Alla fine 9 M più 6 M di bonus...


----------



## Jino (27 Giugno 2013)

Now i'm here ha scritto:


> poco da dire, ha ragione.
> è 2 anni che lo dobbiamo prendere, anche lui mica poteva aspettarci in eterno.



Che doveva fare? Aspettarci fino a fine agosto? Con il rischio di rimanere a Manchester?

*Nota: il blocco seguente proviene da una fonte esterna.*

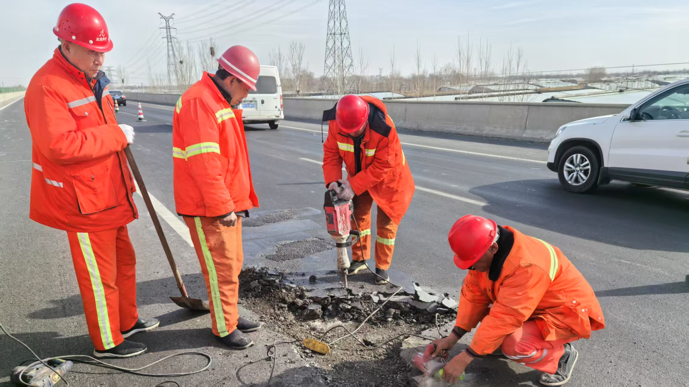 受本次雨雪天氣影響,大廣高速1516+200北京方向第二車道處路面出現(xiàn)較大坑槽,存在安全隱患,為保證大廣高速道路的安全暢通,衡水分中心饒陽養(yǎng)護(hù)隊(duì)迅速組織人員開展坑槽修復(fù)施工,于3月3日完成修復(fù)。
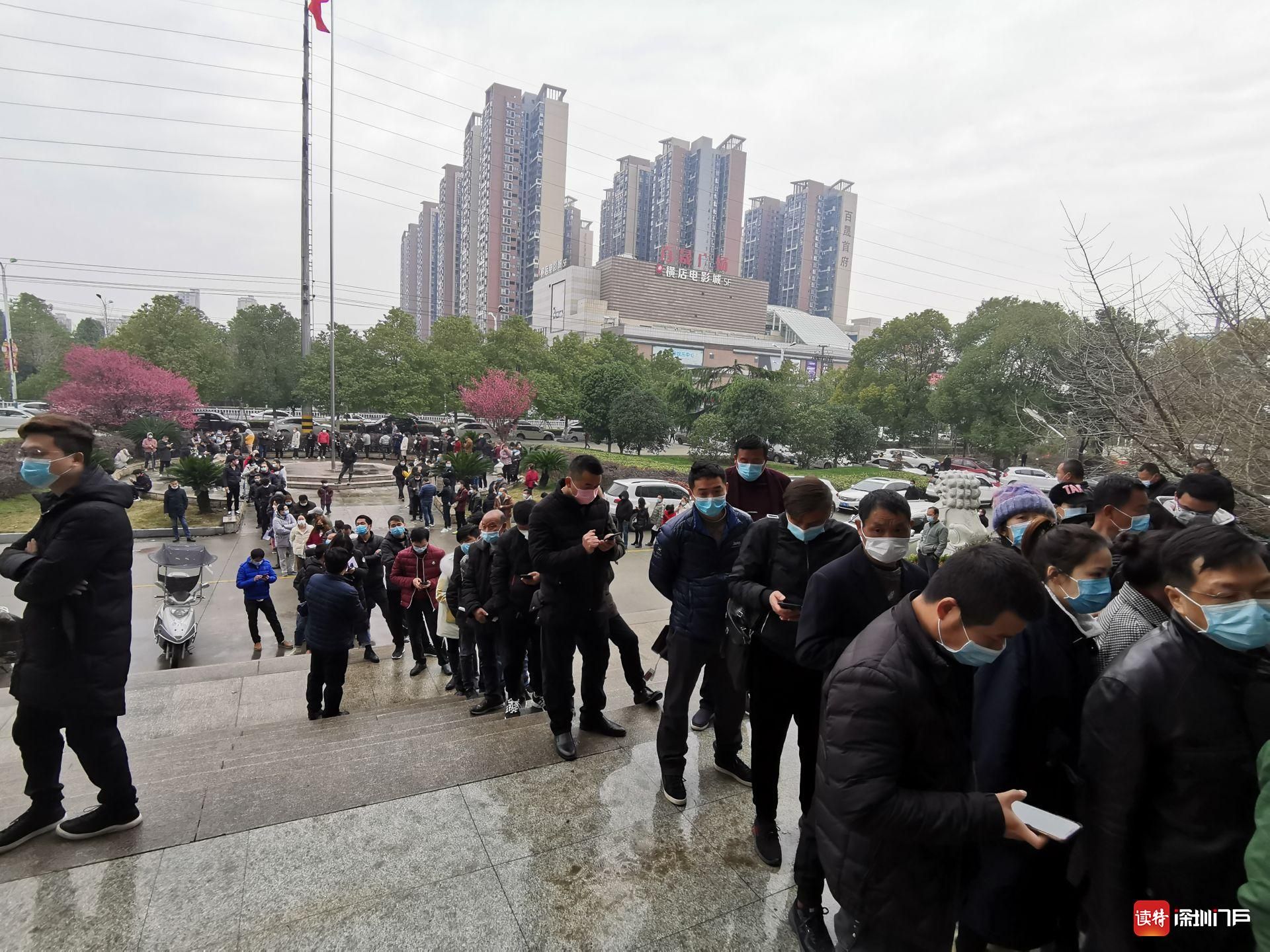 2月23日,監(jiān)利縣交通局門前排隊(duì)申請(qǐng)返回工作地的當(dāng)?shù)厝罕姟2痪?,湖北再次升?jí)封控措施,直到近日才逐漸恢復(fù)正常交通。

Ha fatto benone, già l'ha preso di dietro una volta da noi.


----------



## Il Re dell'Est (27 Giugno 2013)

*Lo hanno pagato 15 milioni: 9+6 di bonus... è scritto nel comunicato stampa sul loro sito ufficiale.*


----------



## Pivellino (27 Giugno 2013)

mourinhomifottotuamoglie ha scritto:


> Rosik?



No.
Due anni fa aveva un senso scambiarlo col papero oggi non ha senso innestare un giocatore di 29 anni come Tevez su questa squadra e poi passare due anni a lamentarsi del bilancio e del fatto che con lui il nostro mercato è chiuso.
Cioè, avrebbe senso se avessimo un organico già pronto per competere ad alto livello o se avessimo un obiettivo percorribile a breve (due anni fa era in gioco lo scudetto).
Oggi ha più senso Tevez alla Juve che al Milan.
Poi che nessun top club europeo abbia pensato di prendere Tevez quest'anno è un dato di fatto.
Infatti Higuain lo vedono col binocolo.


----------



## Shellac (27 Giugno 2013)

Il Re dell'Est ha scritto:


> *Lo hanno pagato 15 milioni: 9+6 di bonus... è scritto nel comunicato stampa sul loro sito ufficiale.*



il bonus completo scatterebbe verosimilmente solo in caso di vittoria della champions
per adesso a bilancio ci vanno 9 milioni.



Pivellino ha scritto:


> No.
> Due anni fa aveva un senso scambiarlo col papero oggi non ha senso innestare un giocatore di 29 anni come Tevez su questa squadra e poi passare due anni a lamentarsi del bilancio e del fatto che con lui il nostro mercato è chiuso.
> Cioè, avrebbe senso se avessimo un organico già pronto per competere ad alto livello o se avessimo un obiettivo percorribile a breve (due anni fa era in gioco lo scudetto).
> Oggi ha più senso Tevez alla Juve che al Milan.
> ...



l'Arsenal sarebbe un top club europeo?
comunque ricordiamoci di un certo Eto'o, regalato ai topi di fogna come un tiribocchi qualsiasi.
e all'epoca aveva la stessa età di Tevez oggi.
quindi il fatto di essere cercato o meno dai top club conta fino a un certo punto, il mercato è fatto di tante variabili.
per il resto concordo che il Milan abbia altre priorità, l'attacco è l'ultimo dei problemi.


----------



## sion (27 Giugno 2013)

complimenti alla juve per l'operazione,hanno preso a poco un grande giocatore,bravi.


----------



## Z A Z A' (27 Giugno 2013)

Marotta: "Decisiva la volontà del giocatore"

_Carlitos non tradisce_


----------



## Dexter (27 Giugno 2013)

*Tevez : "Con Galliani ho parlato solo due volte: l'ultima lo scorso anno" *


----------



## Fabry_cekko (27 Giugno 2013)

Shellac ha scritto:


> il bonus completo scatterebbe verosimilmente solo in caso di vittoria della champions
> per adesso a bilancio ci vanno 9 milioni.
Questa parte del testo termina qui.